The less encouraging news is that most who made it to the general election are now “a pack of underdogs” as Erin Cassese, associate professor of political science at West Virginia University wrote in an article called “How to Measure Success for Women Candidates in Election 2018,” on the GenderWatch2018 website. Of the 114 non-incumbent women nominees for the House as of today, 11 are Democrats in districts that the Cook Political Report rates as “leaning, likely or solidly Democratic” in the general election. Three more are Republicans in districts that have a good to excellent chance of electing a Republican and seven (six Democrats and one Republican) are in toss-up districts. All the rest of the non-incumbent women — all 93 remaining — are in districts rated as heavily favoring the other party.

“The numbers won’t be there to change the balance of women in national office,” Sampaio says. “We may see an uptick, but we won’t see a wave.”

Is the absence of a wave a defeat? She fears it might be seen as one.

“If all we look at are the numbers of women who win, I think I lot of people are going to be disappointed,” she says.

“We have to lower expectations to match reality,” says Melissa Deckman, professor of political science at Washington College. “There are other things to look at, and that are important going forward.”

One measure she considers important is “the role that gender is playing — a bigger role than we have seen before, that is irrefutable.” Campaign ads in Maryland and Wisconsin show female candidates breastfeeding; on the trail in Illinois, Michigan, Florida, Virginia, Ohio, and Arizona, women have spoken about being sexually assaulted and harassed. In Michigan, Dana Nessel, a candidate for attorney general ran a spot asking “Who can you trust most not to show you their penis in a professional setting? Is it the candidate who doesn’t have a penis?”

She continues: “I won’t sexually harass my staff. … And I won’t walk around in a half-open bathrobe.” (Michigan’s primary is on Tuesday.)

“Even when these women don’t win, they have changed the conversation,” Sampaio says.

“When a woman raises these issues, a male opponent has to address them too,” Dittmar says. “We see men running for district attorney saying ‘Here’s all the cases I’ve prosecuted for sexual assault and harassment.”

Another measure of the impact of the influx of women candidates, Sampaio says, is its effect on the political pipeline.

“There is a lot of ground being seeded here, even in the losses,” she says. “A lot of women are gaining experience that may not bear fruit this time around but maybe next time. Even if they lose these elections, they have raised their voices on a national level, they will be named to commissions, committees, places where policy begins.”

This preparing for disappointment does not mean that these experts have ruled out the possibility of success, however.

“I think women will gain representation in Congress,” Dittmar says. “I certainly don’t think we are going to lose seats,” she says, adding there is a definite chance the number of Republican women in Congress could decrease, the odds of which will become clearer as the remainder of the primaries are held.

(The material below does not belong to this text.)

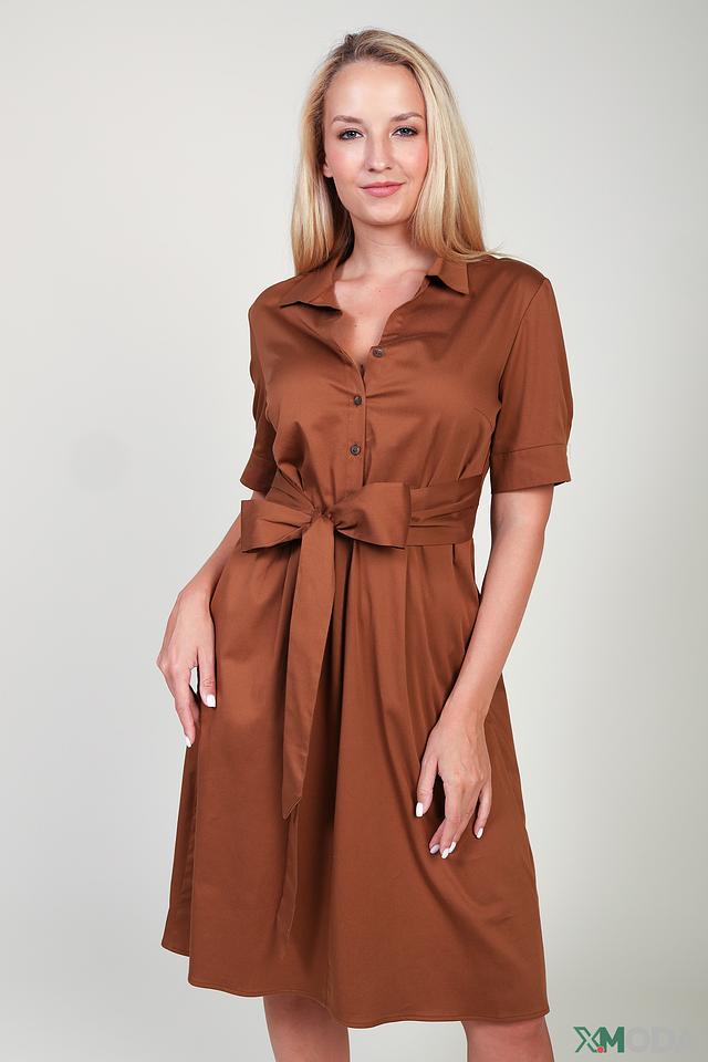 Коричневое платье от Betty and Co – это стильное и комфортное решение для повседневного образа. Приталенный силуэт с акцентом на талии благодаря поясу и воротник-стойка придают платью элегантность и женственность. Состав: хлопок 97%, эластан 3%

And while she will be disappointed in the losses, she says she will not be disappointed to put the talk of “the Year of the Woman” to rest.

“Calling it that makes it sounds like women’s political progress is an anomaly and not something we should expect in each election,” she says. “It treats it as if it’s rare to have women running and winning. I’d prefer to treat is as something we assume will happen so we get closer to parity.”